The New York Times built the current site in 2006. The Times just announced that they have are working on a new site design (and presumably completely new architecture) for the last year and should release it soon.
There is a world of difference between doing a cute vanity project that works for say 99% of the time but doesn't mean that they buckle down and do the hard work involved delivering a major publishers site.
Another example Google has a lot of smart people but they cant parse a robots.txt file with a BOM in it.
There's a ton of product manager, designers, and researchers on Hacker News. But looking at his profile seems to indicate that Mr.
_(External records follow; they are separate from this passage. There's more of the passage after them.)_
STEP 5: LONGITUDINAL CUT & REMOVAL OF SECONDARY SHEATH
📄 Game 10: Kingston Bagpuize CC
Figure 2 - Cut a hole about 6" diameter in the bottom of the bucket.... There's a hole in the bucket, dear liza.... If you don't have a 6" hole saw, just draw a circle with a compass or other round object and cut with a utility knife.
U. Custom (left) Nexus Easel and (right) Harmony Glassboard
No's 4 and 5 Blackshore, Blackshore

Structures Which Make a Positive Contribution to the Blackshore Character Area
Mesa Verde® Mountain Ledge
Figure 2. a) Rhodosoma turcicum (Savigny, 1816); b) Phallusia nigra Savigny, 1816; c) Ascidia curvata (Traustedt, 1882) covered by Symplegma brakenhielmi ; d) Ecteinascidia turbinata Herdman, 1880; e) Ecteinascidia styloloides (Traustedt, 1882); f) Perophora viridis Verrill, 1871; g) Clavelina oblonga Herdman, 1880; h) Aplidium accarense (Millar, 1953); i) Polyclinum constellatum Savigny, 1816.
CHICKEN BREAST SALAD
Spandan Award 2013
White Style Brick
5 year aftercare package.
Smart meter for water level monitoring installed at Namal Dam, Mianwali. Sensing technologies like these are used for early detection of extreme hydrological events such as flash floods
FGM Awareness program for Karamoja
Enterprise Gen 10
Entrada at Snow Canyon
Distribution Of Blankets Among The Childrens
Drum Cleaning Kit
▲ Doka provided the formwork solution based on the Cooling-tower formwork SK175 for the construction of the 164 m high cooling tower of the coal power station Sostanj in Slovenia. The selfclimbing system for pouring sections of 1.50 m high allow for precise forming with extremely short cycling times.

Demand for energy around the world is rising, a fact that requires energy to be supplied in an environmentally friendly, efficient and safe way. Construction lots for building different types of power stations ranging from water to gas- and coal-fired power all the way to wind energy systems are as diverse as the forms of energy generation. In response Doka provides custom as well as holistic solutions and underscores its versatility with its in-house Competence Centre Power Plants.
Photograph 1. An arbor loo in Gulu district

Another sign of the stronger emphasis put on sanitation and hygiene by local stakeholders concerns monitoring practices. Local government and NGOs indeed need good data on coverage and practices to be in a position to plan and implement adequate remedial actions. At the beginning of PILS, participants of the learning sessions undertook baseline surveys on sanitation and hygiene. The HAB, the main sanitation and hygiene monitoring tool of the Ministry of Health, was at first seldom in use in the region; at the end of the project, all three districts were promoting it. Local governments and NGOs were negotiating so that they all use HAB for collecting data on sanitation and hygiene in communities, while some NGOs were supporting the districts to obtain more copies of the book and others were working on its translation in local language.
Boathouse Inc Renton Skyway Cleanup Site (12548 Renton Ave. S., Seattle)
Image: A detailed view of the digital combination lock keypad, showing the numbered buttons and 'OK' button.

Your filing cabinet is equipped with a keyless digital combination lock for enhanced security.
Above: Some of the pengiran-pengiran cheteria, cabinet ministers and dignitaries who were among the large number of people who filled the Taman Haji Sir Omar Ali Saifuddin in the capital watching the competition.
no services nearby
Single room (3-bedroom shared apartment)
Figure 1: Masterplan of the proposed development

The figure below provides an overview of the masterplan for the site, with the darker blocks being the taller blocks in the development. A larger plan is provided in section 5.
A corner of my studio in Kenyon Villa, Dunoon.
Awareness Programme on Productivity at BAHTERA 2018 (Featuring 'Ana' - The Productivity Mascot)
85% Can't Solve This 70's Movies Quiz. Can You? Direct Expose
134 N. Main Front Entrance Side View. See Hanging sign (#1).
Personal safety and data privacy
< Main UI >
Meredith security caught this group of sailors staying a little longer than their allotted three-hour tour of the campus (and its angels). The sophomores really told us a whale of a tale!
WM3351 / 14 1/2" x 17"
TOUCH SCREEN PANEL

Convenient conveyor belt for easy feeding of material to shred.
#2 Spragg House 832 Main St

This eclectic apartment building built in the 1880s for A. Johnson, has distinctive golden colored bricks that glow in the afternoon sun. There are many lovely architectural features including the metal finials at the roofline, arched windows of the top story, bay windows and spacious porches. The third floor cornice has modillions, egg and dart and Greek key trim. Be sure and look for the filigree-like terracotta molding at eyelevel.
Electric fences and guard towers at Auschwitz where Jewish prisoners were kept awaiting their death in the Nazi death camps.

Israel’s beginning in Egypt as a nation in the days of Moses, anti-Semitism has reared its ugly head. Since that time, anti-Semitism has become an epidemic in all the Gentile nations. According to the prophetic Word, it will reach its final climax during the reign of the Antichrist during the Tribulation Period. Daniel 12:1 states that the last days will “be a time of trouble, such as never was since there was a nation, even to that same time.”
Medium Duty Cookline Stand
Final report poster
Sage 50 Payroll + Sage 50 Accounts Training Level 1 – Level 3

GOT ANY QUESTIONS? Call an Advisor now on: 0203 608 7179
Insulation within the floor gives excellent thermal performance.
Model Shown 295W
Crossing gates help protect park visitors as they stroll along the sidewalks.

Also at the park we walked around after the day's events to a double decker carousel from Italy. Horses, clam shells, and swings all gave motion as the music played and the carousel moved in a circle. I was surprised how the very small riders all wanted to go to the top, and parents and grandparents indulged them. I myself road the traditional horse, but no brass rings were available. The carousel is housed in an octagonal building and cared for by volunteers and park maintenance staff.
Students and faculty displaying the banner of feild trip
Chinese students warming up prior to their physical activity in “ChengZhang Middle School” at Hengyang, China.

Clarks a pretty humble guy.
Which means... unique user page views with 0 engagement metrics! Yay~
MAU and DAU are meaningless statistics. It's pure eye-views, that's all.
Show me some average aggregate visits per user per month, and I'll believe there's actually something happening (ie. the average number of times each unique user visited the site in a single month. Hint: for Facebook, this number is probably ~20-30).
Are you sure? It's better, yes, but it's not a model of UX and on an iPad it seems not much thought was taken into making it a truly universal app. There's a lot of unused space and everything is too large.
The Google+ app with its combo of Path and Flipboard is a much better model to follow. Fast, and it takes advantage of the screen size in both versions.
See http://open.blogs.nytimes.com/ and http://www.nytimes.com/projects/2012/snow-fall/
So they have the skills, but maybe it's for other reasons they don't follow those practices.